Handholding the human pays off in the long run more than hand holding the llm, which requires more hand holding anyway.

Claude doesn't get better as I explain concepts to it the same way a jr engineer does.





I had hired 3 junior/mid lvl devs and paid them to do nothing but study to improve their skills, it was my investment in their future, I had a big project on the horizon that I needed help with. After 6 months I let them go, the improvement was far too slow. Books that should have taken a week to get through were taking 6 weeks. Since then LLM have completely surpassed them. I think it’s reasonable to think that some day, maybe soon, LLMs will surpass me. Like everyone else, I have to the best I can while I can.

But this is an issue of worker you're hiring. I've worked with senior engineers who a) did nothing (as - really not write any thing within the sprint, nor do any other work) b) worked on things they wanted to work on c) did ONLY things that they were assigned in the sprint (= if there were 10 tickets in the sprint and they were assigned 1 of these tickets then they would finish that ticket and not pick up anything else, staying quiet) d) worked only on tickets that have requirements explicitly stated step by step (open file a, change line 89 to be `checkBar` instead of `checkFoo`... - having to write this would take longer than doing the changes yourself as I was really writing in Jira ticket what I wanted the engineer to code, otherwise they would come back with "not enough spec, can't proceed").
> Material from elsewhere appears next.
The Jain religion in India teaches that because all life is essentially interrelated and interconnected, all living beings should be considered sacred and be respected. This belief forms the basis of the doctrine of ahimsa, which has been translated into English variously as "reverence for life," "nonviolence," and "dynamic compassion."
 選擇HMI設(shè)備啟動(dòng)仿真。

All of these cases - senior people!

Sure - LLMs will do what they're told (to a specific value of "do" and "what they're told")


Sure there is a wide spectrum of skills, having worked in FANG and top tier research I have a pretty good idea of the capability at the top of the spectrum. I know I wasn't hiring at that level. I was paying 2x the local market rate (non-US) and pulling from the functional programming talent pool. These were not the top 1% but I think they were easily top 10% and probably in the top 5%.
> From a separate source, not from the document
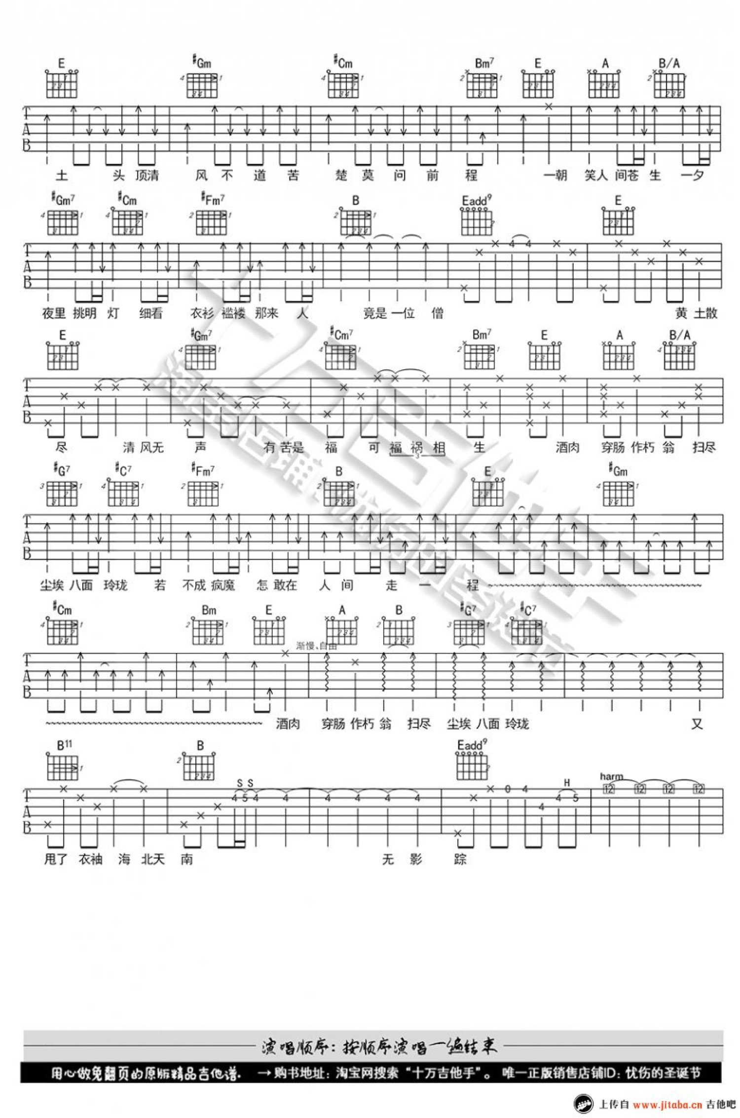 酒僧吉他谱 - 李雨 - E调吉他弹唱谱

I use LLMs to build isolated components and I do the work needed to specialize them for my tasks and integrate them together. The LLMs take fewer instructions to do this and handle ambiguity far better. Additionally because of the immediate feedback look on the specs I can try first with a minimally defined spec and interactively refine as needed. It takes me far less work to write specs for LLMs than it does for other devs.
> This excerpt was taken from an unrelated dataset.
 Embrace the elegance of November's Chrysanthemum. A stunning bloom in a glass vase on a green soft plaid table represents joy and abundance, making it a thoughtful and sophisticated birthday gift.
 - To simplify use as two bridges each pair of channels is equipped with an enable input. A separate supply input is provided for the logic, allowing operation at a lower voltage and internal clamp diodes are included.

> But this is an issue of worker you're hiring.

You're (unwittingly?) making an argument for using an LLM: you know what you're going to get. It does not take six months to evaluate one; six minutes suffice.


The argument I'm trying to make is that hiring a real person or using LLMs has upsides and downsides. People have their own agendas, can leave, can affect your business in many ways, unrelated to code etc, but also can learn, can be creative and address problems that you've not even surfaced. LLM will not and will not be capable of that.

With LLMs you know what you're going to get to a certain value. Will it not listen to you? No. Will it not follow your instructions? Maybe. Will it produce unmaintainable garbage? Most certainly. Does that matter for nondevs? Sometimes


If you are a “senior” engineer who is doing nothing but pulling well defined Jira tickets off the board, you’re horribly mis titled.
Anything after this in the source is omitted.